Once we have decided on our language we copy it down from the board so that it is in their math books for them to easily reference. They use math books with 1cm squares so I ask them to make sure that the symbol is in one square but not too close to the edges.

Then they begin to decide on a starting position. As a pair they

work together to decide where their Legos will begin. One of the lessons that I have learned by doing this is to give about 6 Legos that are different sizes and colours. This helps with the directions and knowing which piece to move.

After they find their starting position they need to draw that starting position on their paper. They have to decide how they will represent their Lego pieces when doing this. Some choose 4 Lego dots = 1 square, some decide 1dot = 1 square. This is a good time to see how the student’s spacial awareness is. I find that some students are very comfortable with making a copy of their starting position and some need a lot of guidance encouraging them to count rows and dots, in order to find the right spots on their paper. If I have a group that is really struggling and I am running out of time I take a picture and they finish at the beginning of the next lesson. This is usually the end of lesson one.

Lesson 2 begins with the students recreating their starting positions. Once they have found these starting positions I give them a bit of time to think about how they want their Legos to end up. I tell them that they must have some that are stacked, but that is all that I say. They play around with finding a pattern that they like.

Then we come together and I say to them. “Now you have to program your robot. You need to tell you robot which colour Lego it should start with. Then draw that on your page and under it with one direction in each square write a program for your robot, using only the symbols.” The very cool thing about this part and most of the steps until here is that even the EAL learners are able to participate fully. Because this is not an activity that is English based they have no problems writing their code with their partner. For them it must be a relief to be able to do a lesson where English is not a huge focus. Once they understand what they are doing they need very little help.



At points along the way, I will interrupt them and be the “robot”. I try out their code and see if I get to the places that they want me to get. The biggest issue so far is the interpretation of a turn right or turn left command. That can make all of the difference. Since these are just second graders I tell them that they must show their robot before it starts what their turns look like, so the robot can try to copy it. If I was doing this with older kids I would have them figure out a way to embed it into the coding of the program. I generally need at least three full lessons to complete this activity, but one of the nice things is that it works so well in the classroom, I can leave it with the teachers and they finish it. This frees up our IT time to work on something else.

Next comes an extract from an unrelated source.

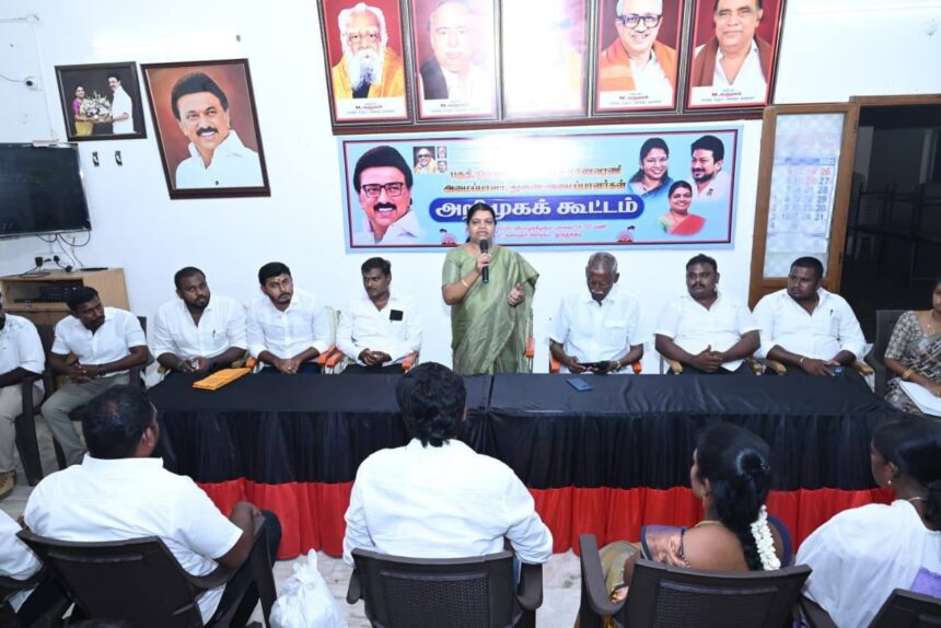 தூத்துக்குடி வடக்கு மாவட்ட திமுக மாணவரணி ஓன்றிய பேரூர் ஊராட்சி புதிய பொறுப்பாளர்கள் அறிமுக கூட்டம் எட்டையாபுரம் சாலையில் உள்ள கலைஞர் அரங்கில் வடக்கு மாவட்ட திமுக செயலாளரும் சமூகநலன் மற்றும் மகளிா் உாிமைத்துறை அமைச்சா் கீதாஜீவன் தலைமையில் நடைபெற்றது. மாநகர திமுக செயலாளா் ஆனந்தசேகரன், முன்னிலை வகித்தாா். மாவட்ட மாணவரணி அமைப்பாளர் வக்கீல் சீனிவாசன், வரவேற்புரையாற்றினாா். அமைச்சர் கீதாஜீவன் பேசுகையில் திமுக ஆரம்பிக்கப்பட்ட வரலாறுகளையும் தொடா்ந்து சந்தித்த இடா்பாடுகள் இடையூறுகள் எல்லாம் கடந்து ஆதிக்க சக்திகளை எதிர்த்து தமிழ்நாட்டிற்கு கிடைத்த அரசியல் கட்சிகளின் திமுகவின் வரலாறு 76ம் ஆண்டு தொடக்கத்தில் செயல்பட்டு வருகிறது. 5 முறை கலைஞர் முதலமைச்சராக பொறுப்பேற்று தமிழக வளா்ச்சிக்கும் தேசிய அளவிலான அரசியலிலும் தடம் பதித்து வாழ்ந்து மறைந்தாா். அவரது வழியில் அந்த கொள்கைகளை பின்பற்றி திமுக தலைவரும் தமிழக முதலமைச்சருமான மு.க.ஸ்டாலின் பொறுப்பேற்ற பின் அனைத்து தோ்தல்களிலும் வெற்றி வாகை சூடி 6வது முறையாக திமுக ஆட்சி அமைத்து எல்லோருக்கும் எல்லாம் என்ற திராவிட மாடல் ஆட்சி தமிழக மக்களுக்கும் தமிழ் மொழிக்கும் பாதுகாப்பு அரணாக இருந்து வருகிறது. இங்கு இருக்கின்ற மாணவா்கள் ஓவ்வொருவரும் திமுக செய்துள்ள சாதனைகளை முழுமையாக தொிந்து கொண்டு தாங்கள் குடியிருக்கும் பகுதியில் ஒவ்வொருவரும் 50 வாக்குகளை திமுகவிற்கு கொண்டு சோ்க்கும் பணியை இப்போதிலிருந்து தொடங்க வேண்டும். 2026 தோ்தல் தமிகழத்தில் நடைபெறவுள்ள நிலையில் வடக்கு மாவட்டத்தில் உள்ள தூத்துக்குடி கோவில்பட்டி விளாத்திகுளம் ஆகிய தொகுதிகளிலும் அதிகமான வாக்கு வித்தியாசத்தில் வெற்றி பெற்றது. என்ற வரலாற்று சாதனை எழுதுவதற்கு மாணவரணியின் பங்கு அதிகம் இருக்க வேண்டும் பலா் புதிய வாக்காளா் பட்டியிலில் இணைந்தவா்களாக இருப்பிா்கள் புதிய வாக்காளா் சோ்ப்பின்போது 18 வயது நிரம்பியவா்களை அந்த பட்டியலில் இடம் பெற செய்ய வேண்டும் இன்றைய தலைமுறையினா் தான் நாளைய தலைவா்களாக உருவாகுவாா்கள் அதற்கேற்றாற்போல் அனைவரும் ஓற்றுமையுடன் பணியாற்றி திமுக 7வது முறையாக ஆட்சி அமைத்தது. என்று பெருமை கொள்ளும் வகையில் பணியாற்ற வேண்டும். என்று பேசினாா். கூட்டத்தில் மாவட்ட மாணவரணி துணை அமைப்பாளர்கள் கோகுல்நாத், ஆகாஸ்பாண்டியன், கனகவா, பிரதீபா, மாநகர மாணவரணி துணை அமைப்பாளர்கள் சத்யா, காா்த்தி, மாநகர அணி துணை அமைப்பாளர் ரவி, மற்றும் மணி அல்பட், ஒன்றிய பேரூா் நகர மாநகர நிா்வாகிகள் உள்பட பலா் கலந்து கொண்டனா். மாநகர மாணவரணி அமைப்பாளர் டைகா் வினோத் நன்றியுரையாற்றினாா்.

For me for IT the goals of this lesson are an introduction to coding/programming, using problem solving techniques to fix programming errors and making an authentic connection from the curriculum to my subject. For a classroom teacher the goals of this lesson could include using problem solving techniques, instructional writing techniques, working in partners, proofreading their work to clarify it, and organizing their steps in a sequence. I am sure depending on your scope and sequence documents this list could change and grow.